The network began broadcasting for television on October 15, 1969, with the launch of KBS-9 Manila as the network's flagship TV station. KBS-12 Baguio also went on air in the same year.

In 1970, KBS also acquired a color-ready production truck (OB van) for the remote broadcasts of major news events and sports coverages. The network also pioneered newscasting on television, as they launched the first ever newspaper-format nightly newscast titled NewsWatch. Back then, broadcast hours were limited to late afternoons up to around midnight; except for Sundays, when the channel begins transmissions after midday.

In 1971, KBS becomes firmly established as an all-color television network, consisting of ten full powered provincial stations, strategically situated in Baguio (KBS-12), Laoag (KBS-9), Bicol (KBS-10 in Iriga), Iloilo (KBS-8), Bacolod (KBS-8), Cebu (KBS-9 in Mandaue), Davao (KBS-9), General Santos (KBS-7) and Butuan (KBS-4) alongside the flagship station (KBS-9) in Manila.

Martial law KBS years and ABS-CBN takeover (1972-1975) 
On September 23, 1972, the KBS television and radio stations and the newspaper publication Philippines Daily Express, all belonging to the Roberto Benedicto group, were allowed to operate during the martial law period with the former airing Wacky Races and Francisco Tatad's reading of Proclamation No. 1081, where most of the media outfits were closed down after the declaration of martial law with Proclamation No. 1081 by Ferdinand Marcos.

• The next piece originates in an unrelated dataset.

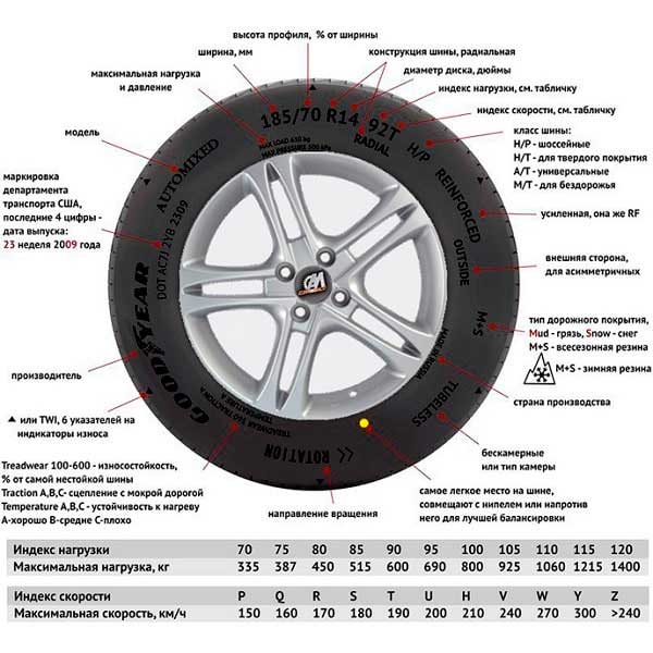 Перед покупкой необходимо определить правильный размер покрышек, который можно найти в руководстве автомобиля или на боковине уже установленных шин. Параметры включают:

On September 28, 1972, Marcos ordered the takeover of the ABS-CBN Broadcasting Corporation and turned over its facilities to KBS, controlled by Marcos crony Benedicto. ABS-CBN's facilities were later transferred from KBS to the government-owned Maharlika Broadcasting System. Crony-owned media companies broadcast or published news and entertainment meant to project a positive image for the dictatorship and conceal its abuses.

Properties and funding for KBS network partly came from ABS-CBN in the form of its old headquarters along Roxas Boulevard and equipment from Toshiba enabling them to broadcast in color. As a result, on its launch it was branded Accucolor 9 – an RPN station ("Accucolor" is the name of the color technology used) as the first Philippine television network to launch in full color.

In 1973, RPN brought the first slow-motion machine to support the coverage of the MICAA basketball games. Color production with color-ready equipment would enable the government to invest in RPN for color coverages of national events, as then state network GTV (now PTV), which began two years later after the beginning of martial law, was mostly monochrome before its first color broadcasts in 1976. In 1974, the KBS network grew with the opening of more stations in Tuguegarao (KBS-9), Bayombong (KBS-7), Legazpi (KBS-2), Palawan (KBS-5), Roxas (KBS-7), Dumaguete (KBS-5 moved to RPN-8), Tacloban (KBS-5), Zamboanga (KBS-5), Dipolog (KBS-5), Pagadian (KBS-5), Ozamiz (KBS-9), Cagayan de Oro (KBS-5), Surigao (KBS-4) and Cotabato (KBS-10).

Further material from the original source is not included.